Zoo and public aquarium in Chula Vista, California, US

The Living Coast Discovery Center is a zoo and public aquarium in Chula Vista, California. An environmental education center, it is located in the Sweetwater Marsh Unit of San Diego National Wildlife Refuge. Permanent displays at the Living Coast focus on native animals and plants found in Southern California and San Diego Bay.

==History==
The center was originally opened in 1987 as the Chula Vista Nature Interpretive Center; it was owned and operated by the City of Chula Vista.

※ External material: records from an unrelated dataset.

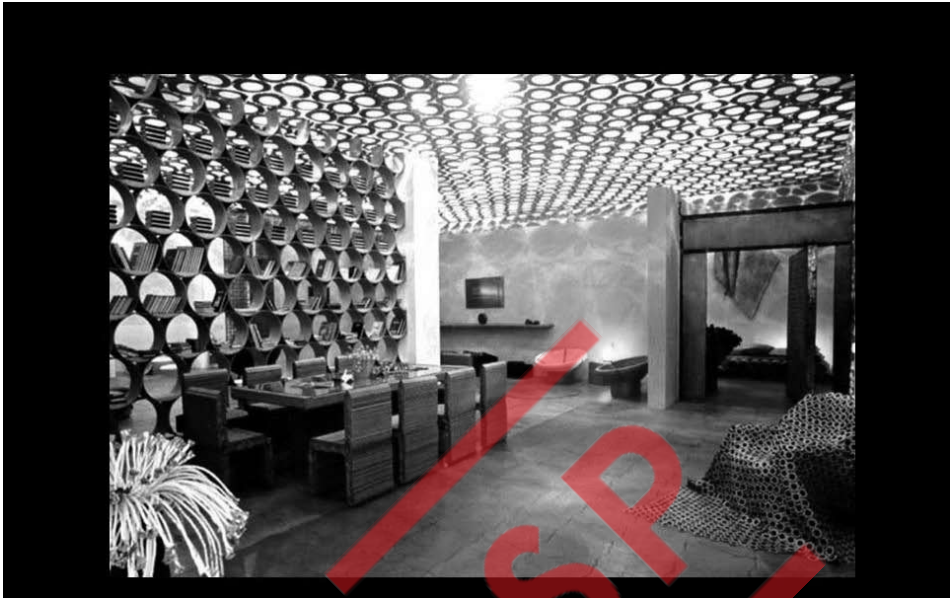
“Casa do Leitor”, ambiente produzido em papel e papelão. Mostra Brincadeiras de Papel, Sesc Belenzinho, São Paulo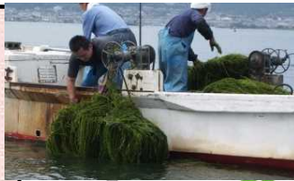
水草刈取(根こそぎ除去)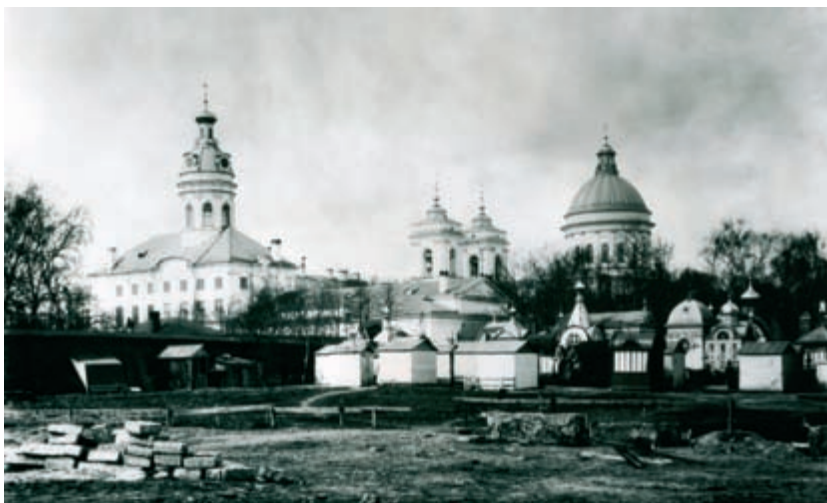
Александрo-Невская Лавра. 1913 г.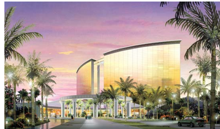
完成予想図(エントランスビュー)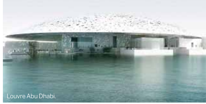
Louvre Abu Dhabi.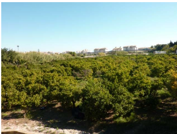
Vista de la vaguada de fondo plano recorrida por el barranco mirando hacia la costa.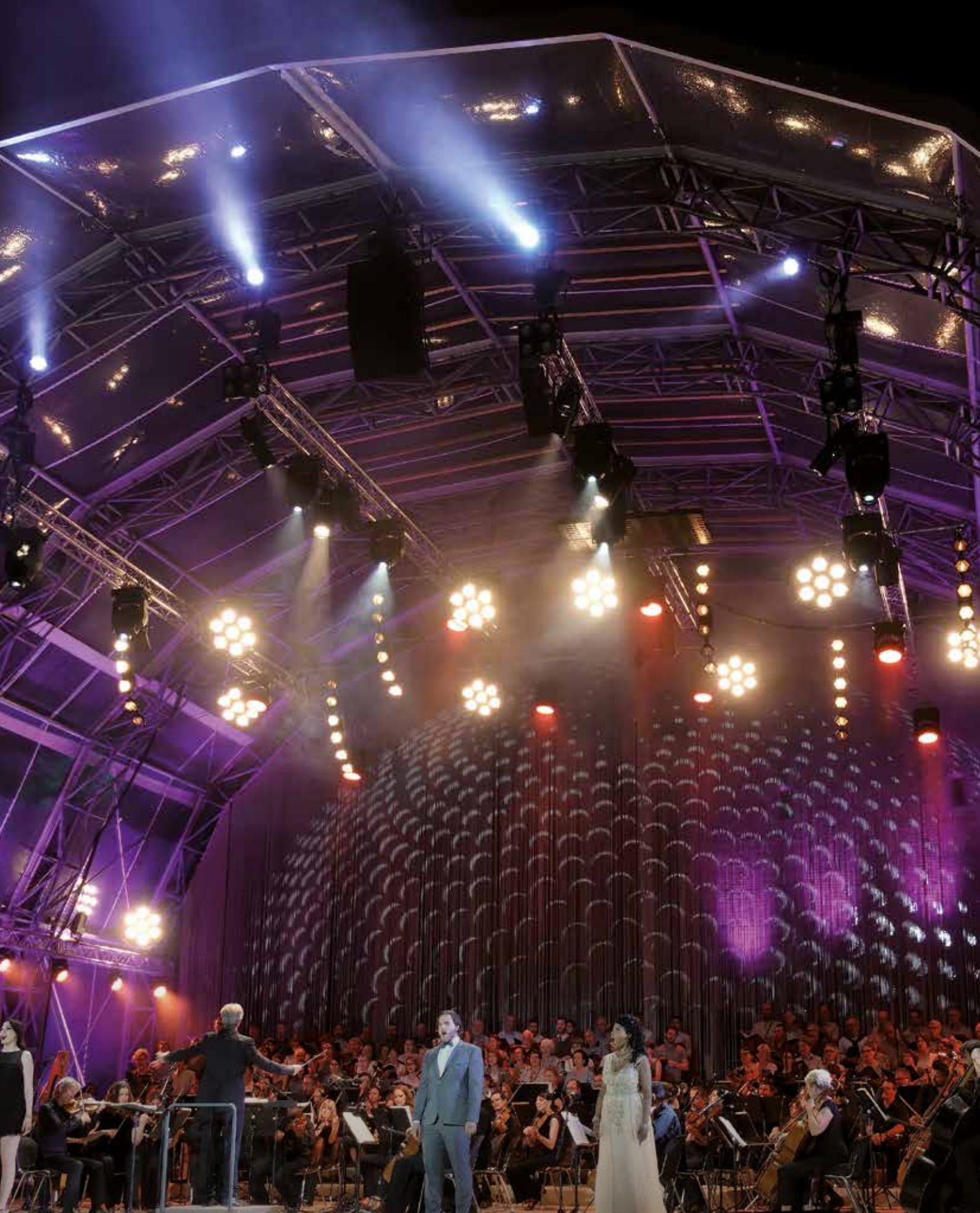
Événement VIP | La représentation d'opéra dans l'amphithéâtre d'Avenches a été le point d'orgue de la manifestation SUISSEDIGITAL VIP, en présence de nombreux représentants du monde public et politique.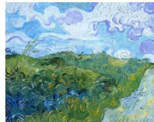
Ван Гог «Зеленые поля пшеницы»

Редакция «Теплого дома» предлагает вниманию читателей новый проект – современные производственные пейзажи глазами импрессиониста Винсента Виллема ван Гога. На фото – производственно-профилактические работы по замене участка магистрального трубопровода «Моздок – Казимагомед» в Избербашском ЛПУМГ.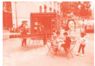
LUDOMOUV' CITOYENNE

En partenariat avec la Direction Familles et Petite enfance (DFPE) de la Ville de Paris.

In 2010, the organization transitioned over to an independent 501(c)(3) nonprofit and its current name.

==Exhibits==
The site consists of several large exhibit spaces:

- Turtle Lagoon – Green sea turtles
- Discovery Center Galleria – includes seahorses, jellyfish, eels, sharks, lobsters, crabs, octopus, garibaldi damselfish, sea stars, snakes, lizards
- Shark & Ray Experience & Sting Ray Touch pool – Leopard sharks, grey smooth-hound sharks, horn sharks, swell shark, shovelnose guitarfish, bat rays, round rays, diamond rays, crabs, fish, and loggerhead sea turtle
- Burrowing Owl Courtyard
- Shorebird Aviary – light-footed Ridgway's rail, black-crowned night heron, black oystercatcher, red-breasted merganser, hooded merganser, and more
- Raptor Row – red-tailed hawk, red-shouldered hawk, Cooper’s hawk, peregrine falcon, turkey vulture, barn owl, great horned owl, burrowing owl, American kestrel
- Eagle Mesa – golden eagle, bald eagle
- Native plant gardens and composting demonstration garden

There are 1.5 miles of trails from the center of San Diego National Wildlife Refuge out to the shore of San Diego Bay.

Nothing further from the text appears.